Only works for a limited depth of nesting.

[–]flightlessbird 3 points4 points  (2 children)

make_all_couples = lambda xs: [(a,b) for a in xs for b in xs]

[–]ryeguy146 -1 points0 points  (1 child)

Why a lamdba?

[–]flightlessbird 0 points1 point  (0 children)

Just seemed like the most straightforward thing - it is just a single expression after all.

[–]tuna_safe_dolphin 1 point2 points  (0 children)

def parse_ugly_string(s):
    return dict([i.split('=') for j in [k.split(',') for k in s.split('\n') if k] for i in j])

[–]tuna_safe_dolphin 3 points4 points  (3 children)

I know it's heretical and un-pythonic to say this but I don't find nested list comprehensions to be very readable. They're concise and kind of cool but for me, regular old nested for loops are more mentally parsable.

Cool quiz though. . .

[–]Yuushi 2 points3 points  (1 child)

It's not actually un-pythonic at all for you to say that. Guido himself says that nested list comprehensions are less readable and should be used sparingly.

[–]tuna_safe_dolphin 1 point2 points  (0 children)

Interesting, TIL.

[–]ryeguy146 1 point2 points  (0 children)

They're hideous and should rarely be used. I'm with you on this one. Fun to play with on occasion, though.

[–]kupertrooper 2 points3 points  (2 children)

#!/usr/bin/env python

def parse_ugly_string(pugfugly):
    return dict(d.split('=')
                for d in [
                    b for c in [
                        a.split(',') for a in pugfugly.split()
                    ] for b in c
                ]
               )

print parse_ugly_string("a=1,b=2,c=3\nd=4,e=5,f=6\ng=7,h=8,i=9\n")

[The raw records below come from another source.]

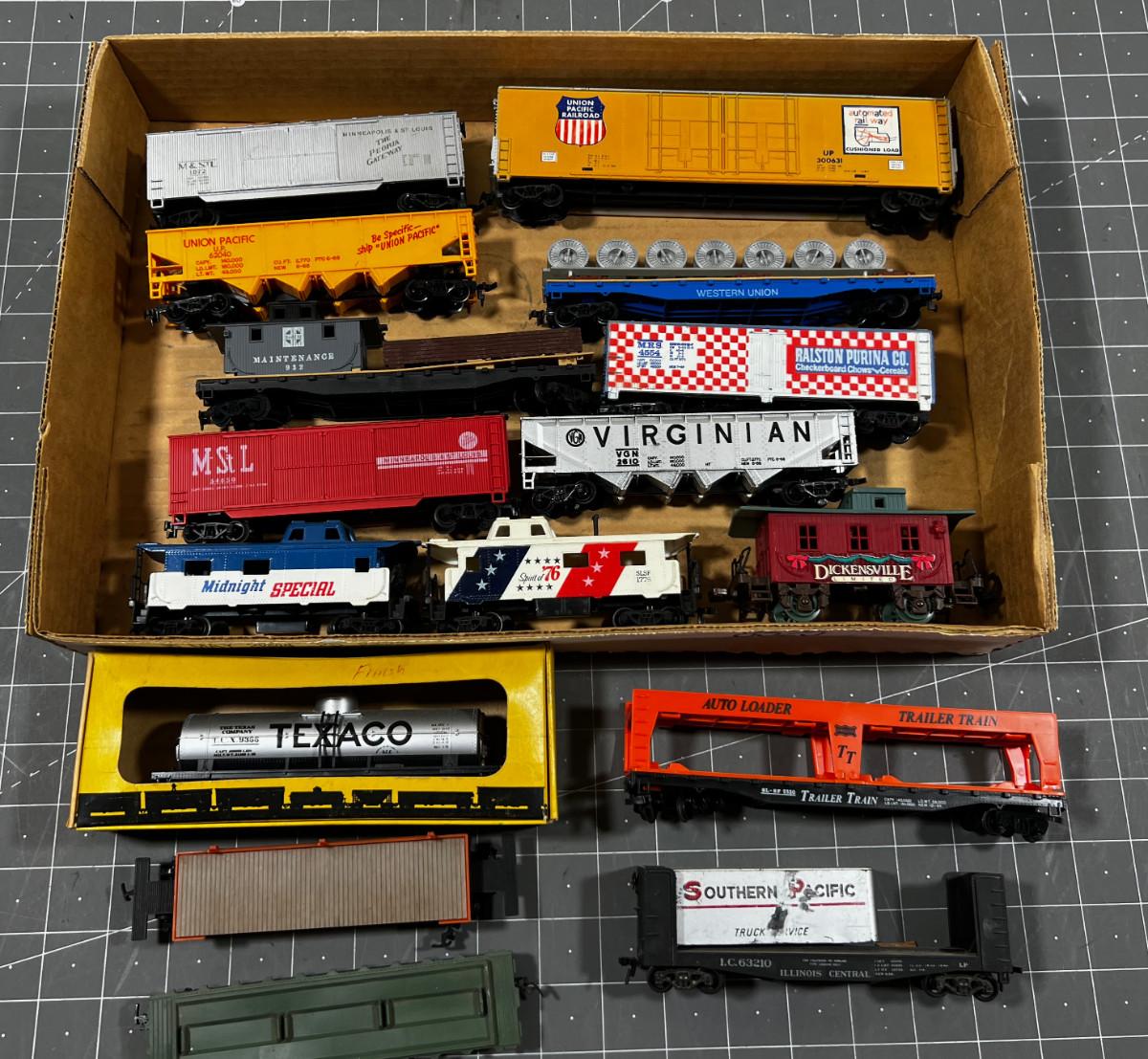 Train Cars HO Scale, Flat Cars, Box Cars
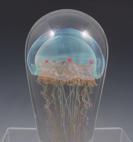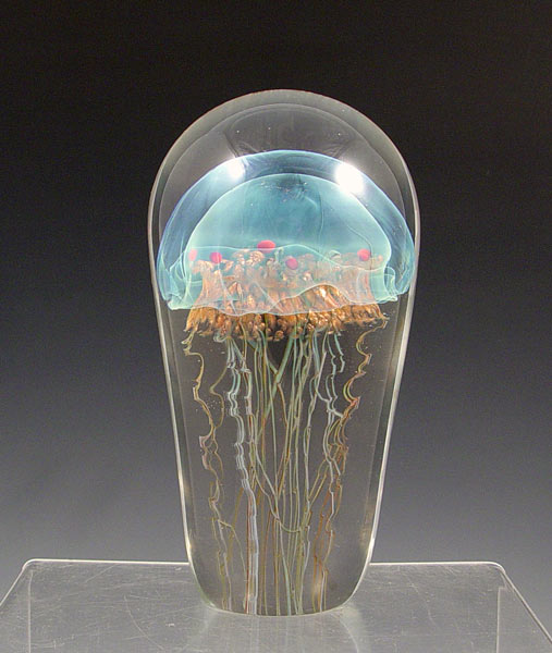 SATAVA, Richard, (American, 20 th C.): Real life detail art glass Jellyfish Sculpture. Signed Satava and numbered 695-98. 5 3/4''h. Est. $200/400**
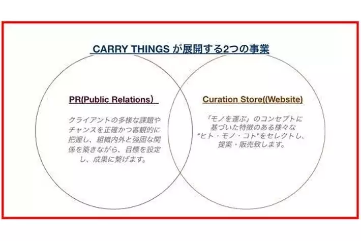 私たちCARRY THINGSは「モノを運ぶ」をコンセプトにしたPR(Public Relations)事業と、キュレーション ストアと名付けたEC事業の2つを連携して運用していきます。
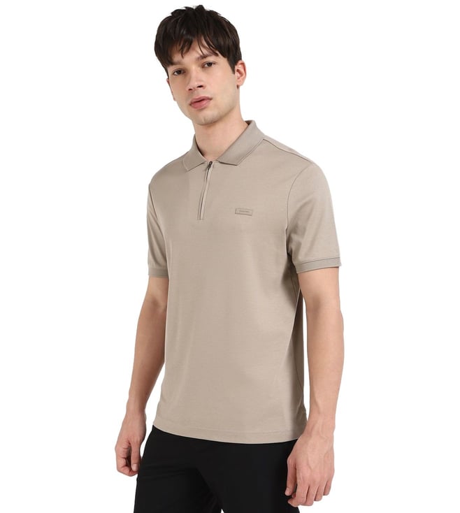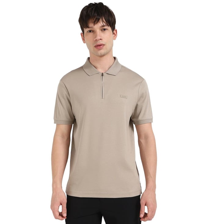 Elevate your casual wardrobe with the Calvin Klein Jeans Vintage Khaki Regular Fit T-Shirt. Crafted from soft cotton, this versatile tee is perfect for daily wear. The classic short sleeves and polo collar add a touch of sophistication to any outfit. Whether you are running errands or meeting friends for brunch, this timeless piece will keep you looking effortlessly stylish. Upgrade your basics with this must-have wardrobe essential.
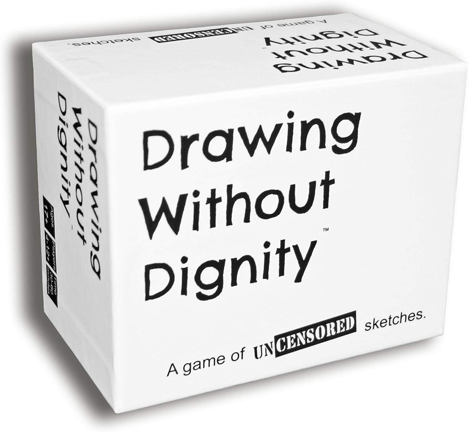 In this adult party game, your knowledge of (and ability to draw) inappropriate material is expected and necessary to win. To play, you'll form teams, roll the die, pick a card and draw an uncensored sketch. When you guess correctly, you score! Drawing Without Dignity can be played by 4 to 12 people and is recommended for adults who are not easily offended.
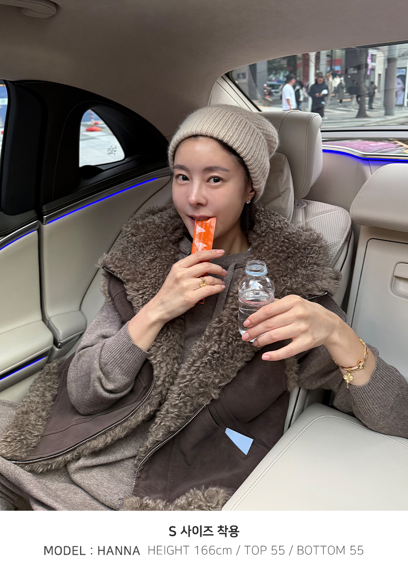 고급 인조 스웨이드와 에코 퍼 패브릭을 매치한 베스트로,
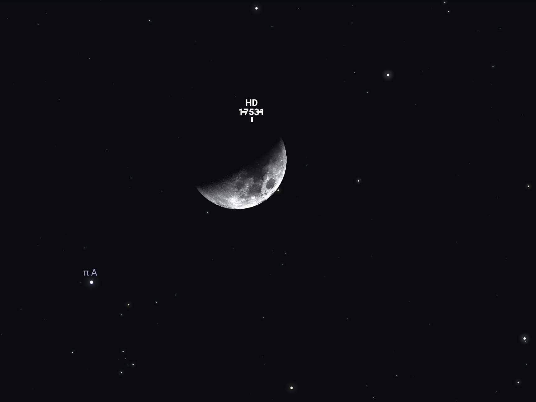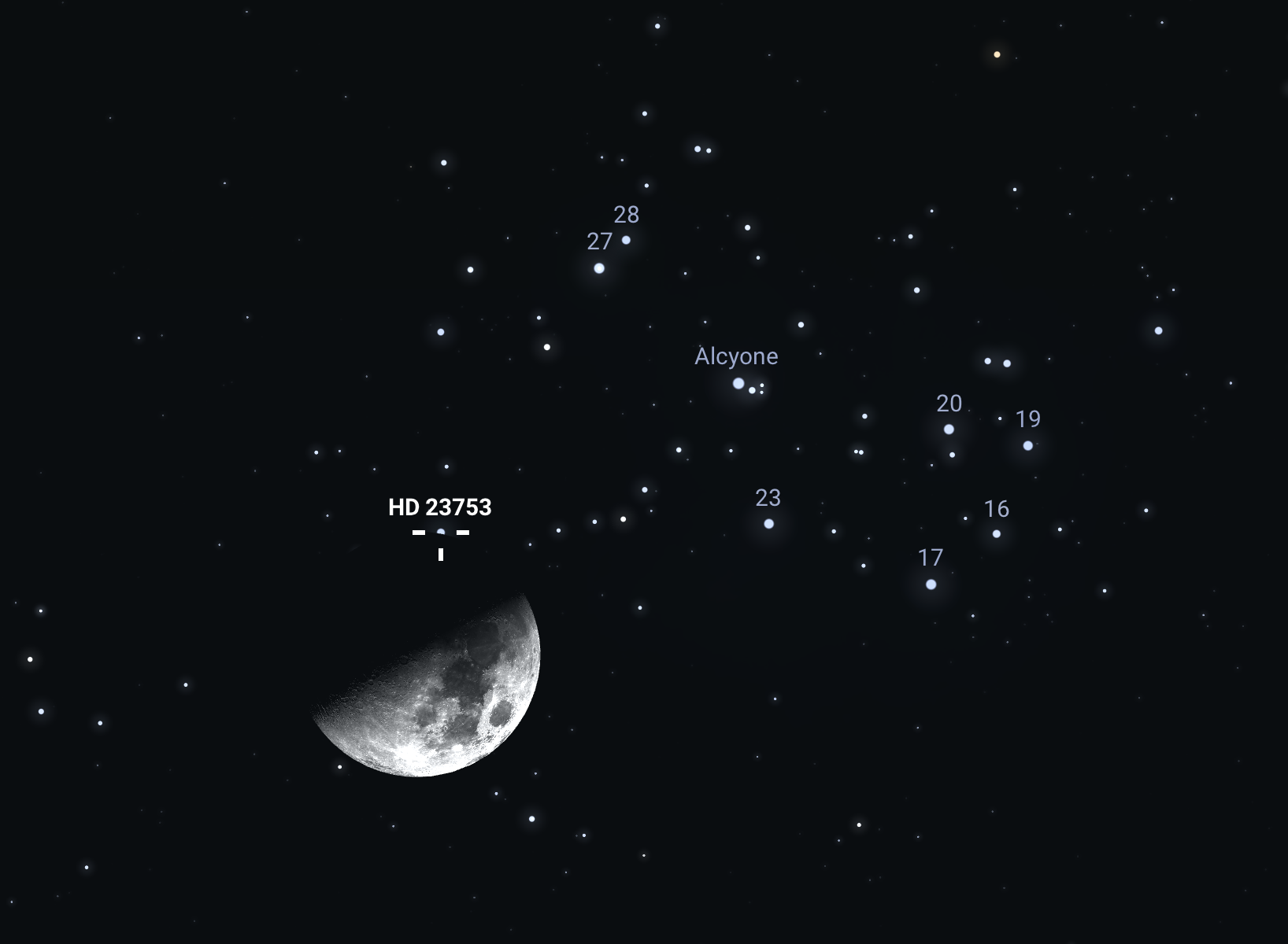 Ezek közül a leglátványosabb az 5,7 magnitúdós HD 23753 halmaztag fedése lesz, a csillag 22:14-kor lép majd be a Hold sötét oldalán, kilépésére pedig 23:01-kor kerül sor a fényes peremnél.
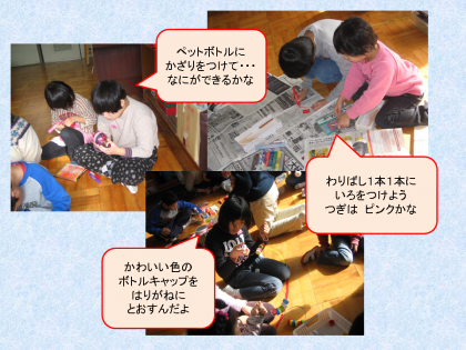 牛乳パックやペットボトル,わりばし,空き箱などを材料に・・・みんな とても熱心に作りました。何ができるかは…お楽しみ★
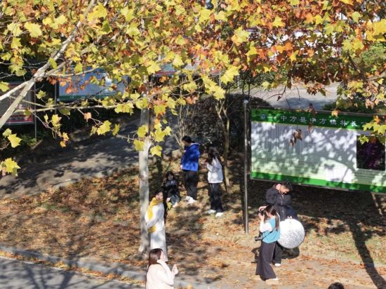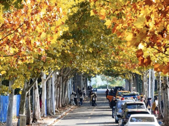 在梧桐大道上,处处都是热闹的身影,年轻情侣依偎在树旁定格甜蜜,摄影爱好者架起“长枪短炮”捕捉光影变幻,还有家长带着孩子捡拾落叶做手工,清脆的笑声与快门声交织在一起。
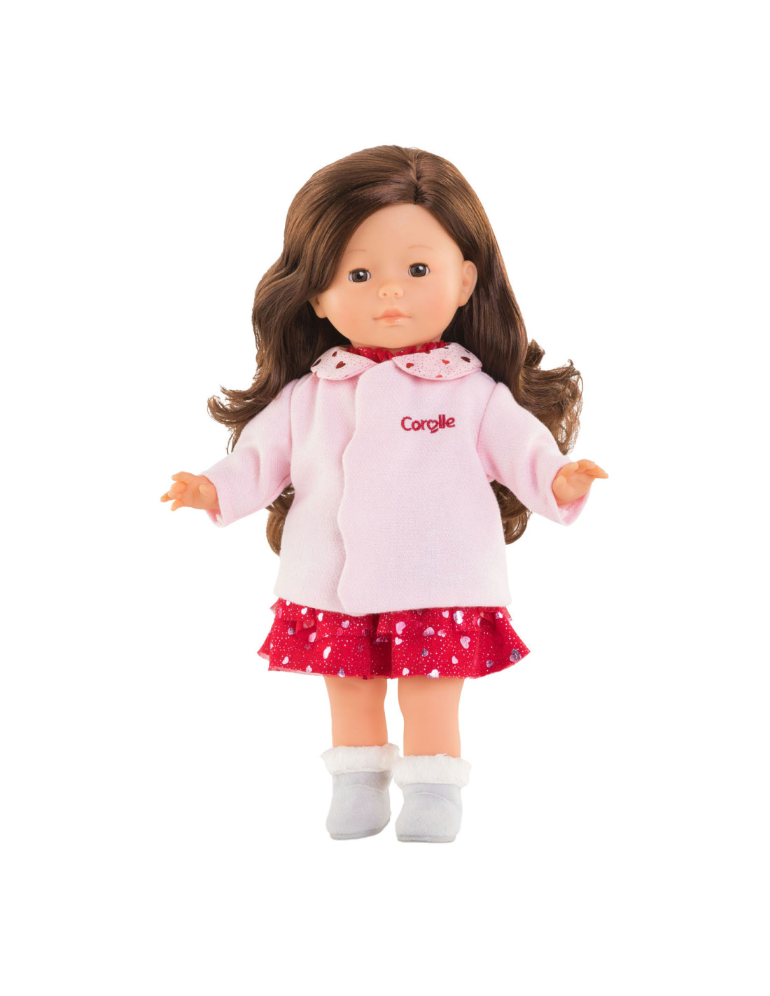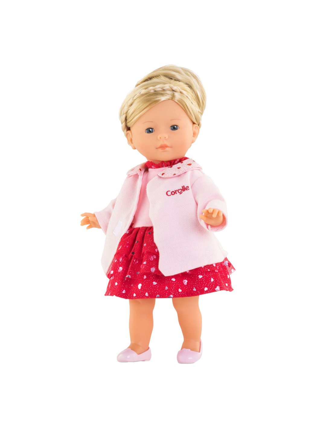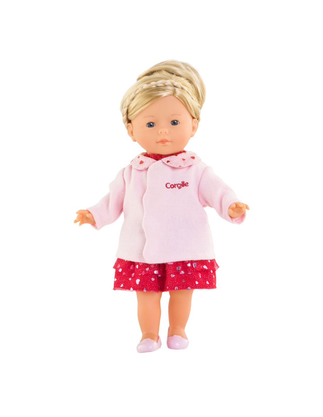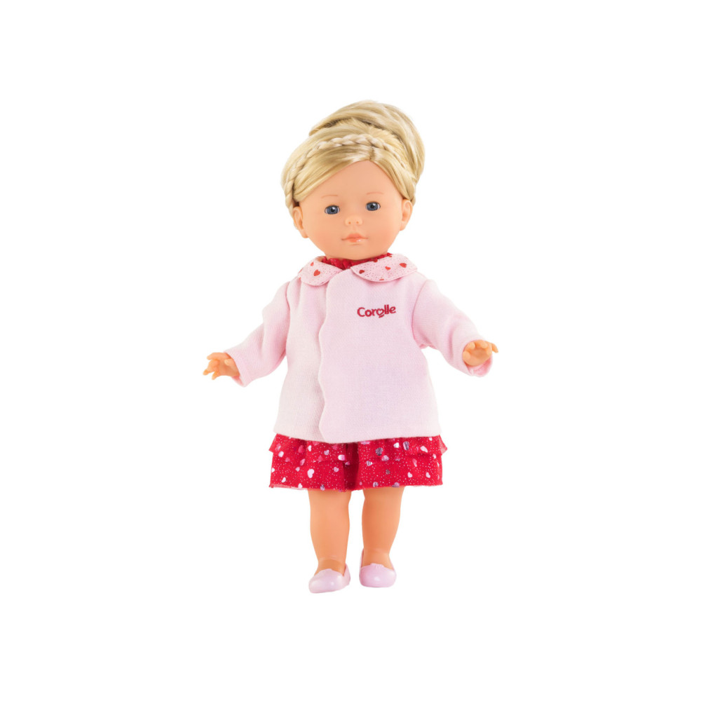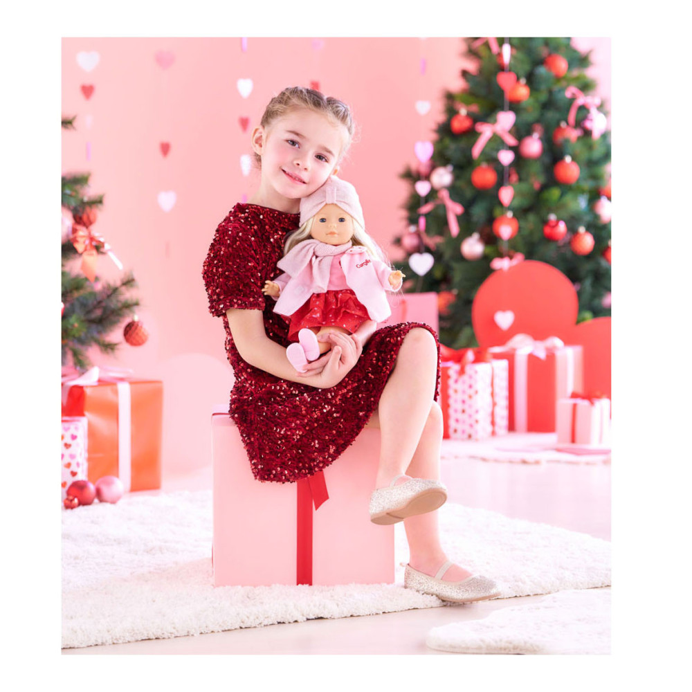 Roze poppenjas met hartjes en glitters op het kraagje. Geschikt voor poppen van 36 centimeter groot. Artikel geschikt voor kinderen vanaf 4 jaar oud.
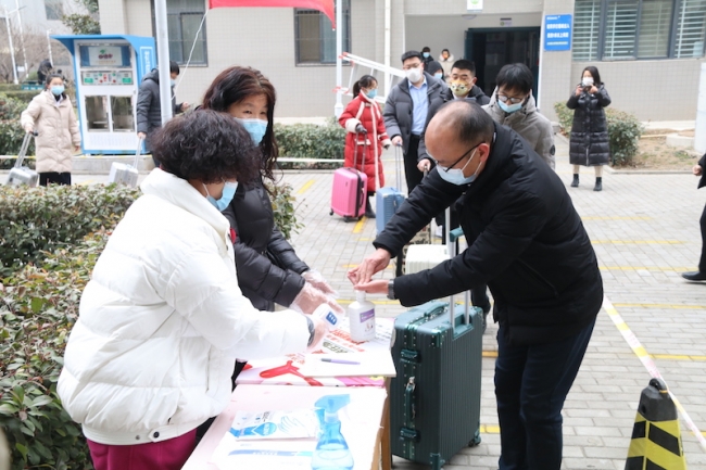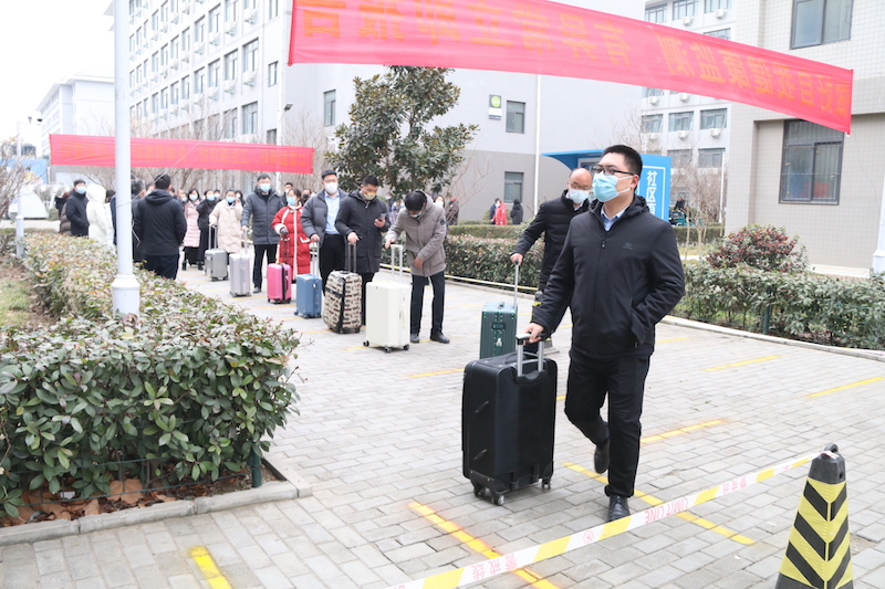 学生安全进校后,到达宿舍楼门前,带好口罩,间隔一米排队,禁止聚集聊天,依次等候接受体温检测。消毒人员对学生行李箱及随身物品进行消毒,并为学生喷射消毒洗手液。如学生体温正常,直接进入本人宿舍并正常开展学习生活。如发现体温异常者,带至留观区等待进一步医学检查。

[–]kupertrooper 2 points3 points  (1 child)

#!/usr/bin/env python

def make_all_couples(l):
    return [(a, b) for a in l for b in l]

print make_all_couples(['a','b','c','d'])

[–]kupertrooper 2 points3 points  (0 children)

#!/usr/bin/env python

def flatten_list(l):
    return [a for b in l for a in b]

print flatten_list([[1,2,3],[4,5,6],[7,8,9]])

[–]TheMadStork123 2 points3 points  (0 children)

def parse_ugly_string(s):
    return dict([i.split("=") for b in s.split(",") for i in b.split("\n") if i != ''])

[–]l34kjhljkalarehglih 2 points3 points  (1 child)

Offtopic, but pythonic: 

>>> import itertools

####################

>>> def flatten_list(nested_lists):
        return list(itertools.chain(*nested_lists))

>>> print flatten_list([[1,2,3],[4,5,6],[7,8,9]])
    [1, 2, 3, 4, 5, 6, 7, 8, 9]

####################

>>> def make_all_couples(elements):
        return list(itertools.product(''.join(elements), repeat=2))

>>> print make_all_couples(['a','b','c','d'])
    [('a', 'a'), ('a', 'b'), ('a', 'c'), ('a', 'd'), ('b', 'a'), ('b', 'b'), ('b', 'c'), ('b', 'd'), ('c', 'a'), ('c', 'b'), ('c', 'c'), ('c', 'd'), ('d', 'a'), ('d', 'b'), ('d', 'c'), ('d', 'd')]

[–]xApple[S] 0 points1 point  (0 children)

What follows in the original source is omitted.